**How to complete this task:**
All lines from the one containing "After booking her" through the last line of the listing should be given again exactly, with no pictures.

**Data section:**
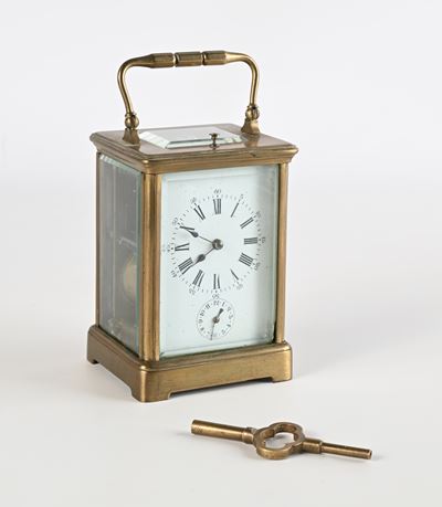 Orologio da tavolo Art Déco con ripetizione a minuti in argento e smalti
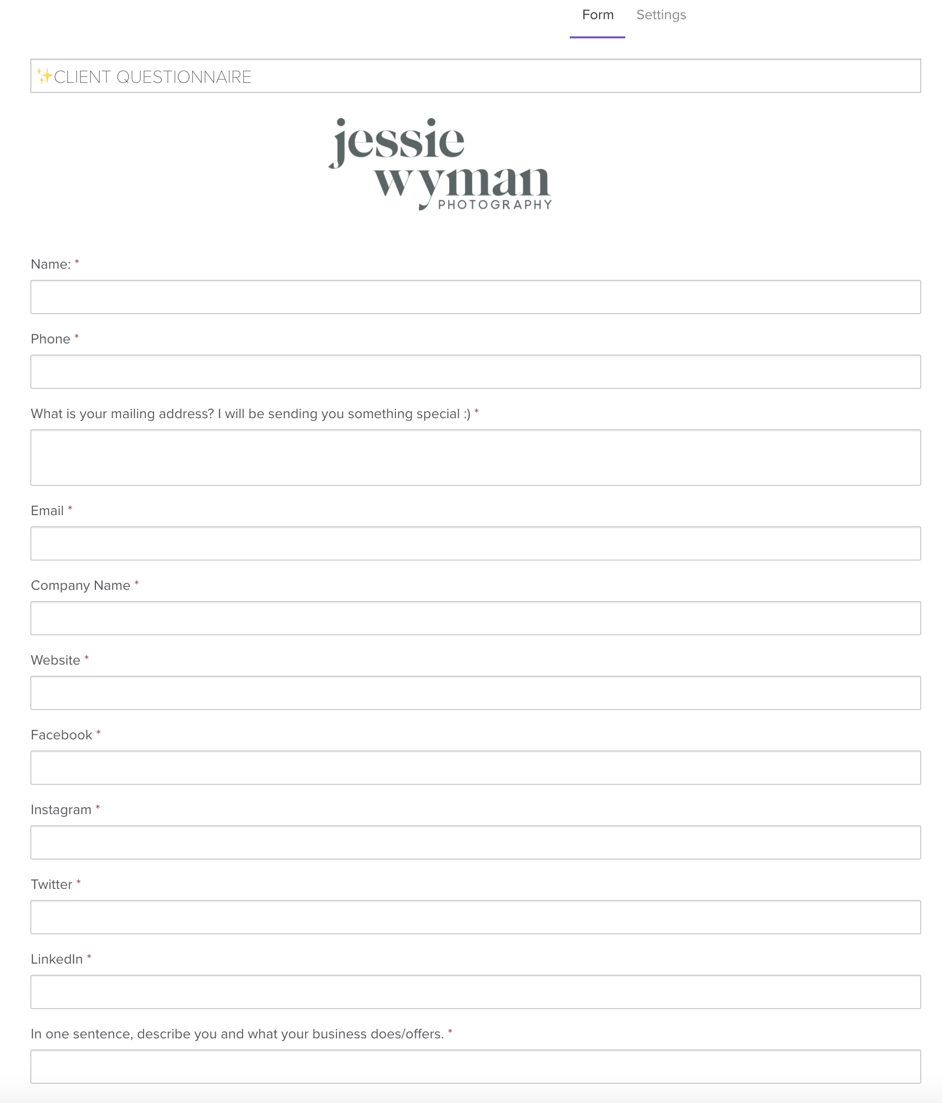 After booking her session, we jumped on a call to chat about that vision and the updates she was making to her brand with her new website. Then I sent her my questionnaire to get even more information. She also gave me her new brand colors.
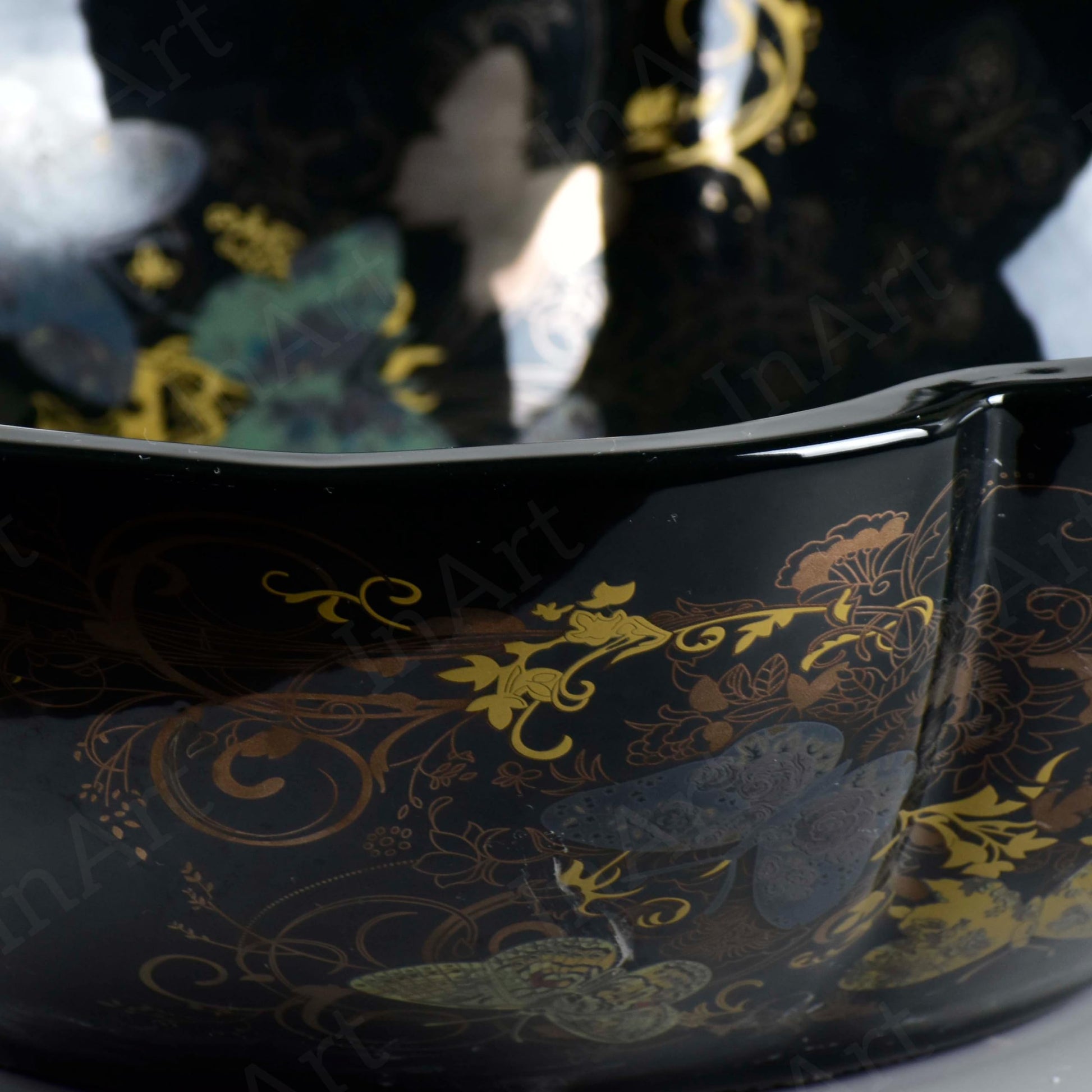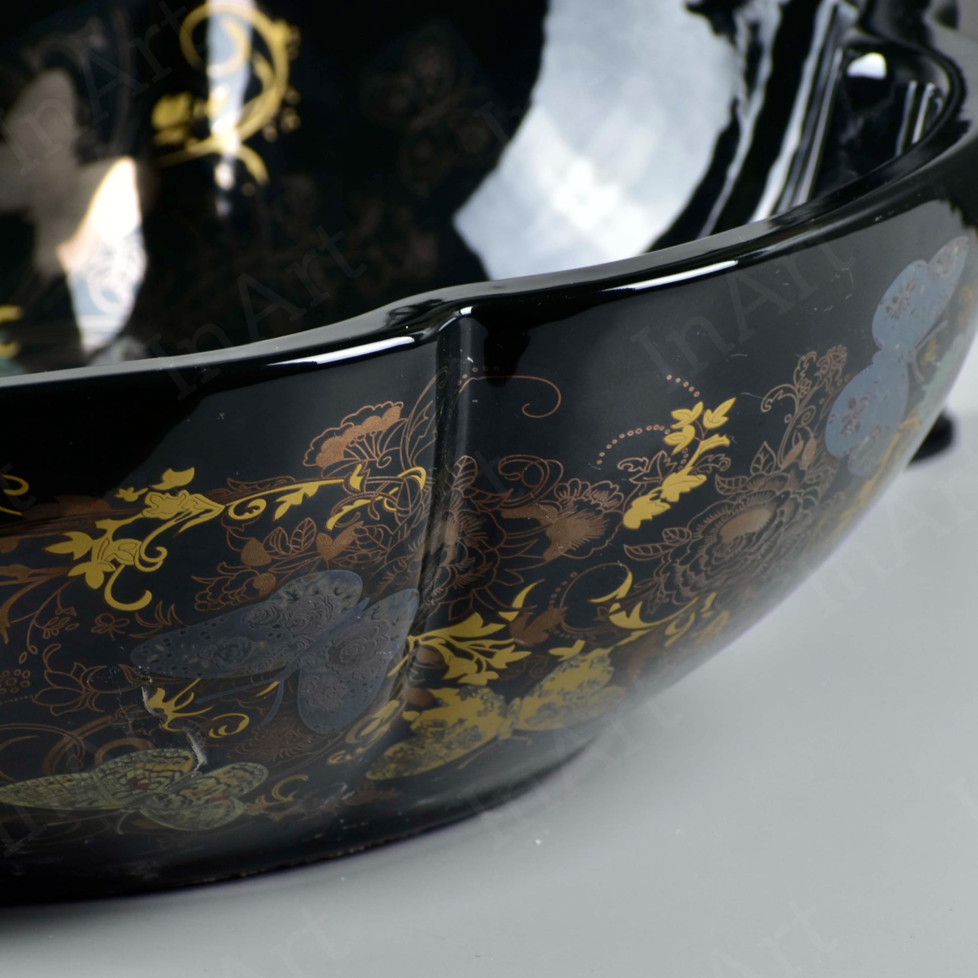 تبدأ أحواض الغسيل المخصصة لتجديد الحمامات بقطعة مميزة - يتميز هذا الوعاء المستدير المصنوع من السيراميك الأسود اللامع بنمط زهري على شكل فراشة ذهبي متعدد الألوان يضفي لمسة جمالية فورية على أي سطح من أسطح الحمامات.

**Completed exercise:**
 After booking her session, we jumped on a call to chat about that vision and the updates she was making to her brand with her new website. Then I sent her my questionnaire to get even more information. She also gave me her new brand colors.
 تبدأ أحواض الغسيل المخصصة لتجديد الحمامات بقطعة مميزة - يتميز هذا الوعاء المستدير المصنوع من السيراميك الأسود اللامع بنمط زهري على شكل فراشة ذهبي متعدد الألوان يضفي لمسة جمالية فورية على أي سطح من أسطح الحمامات.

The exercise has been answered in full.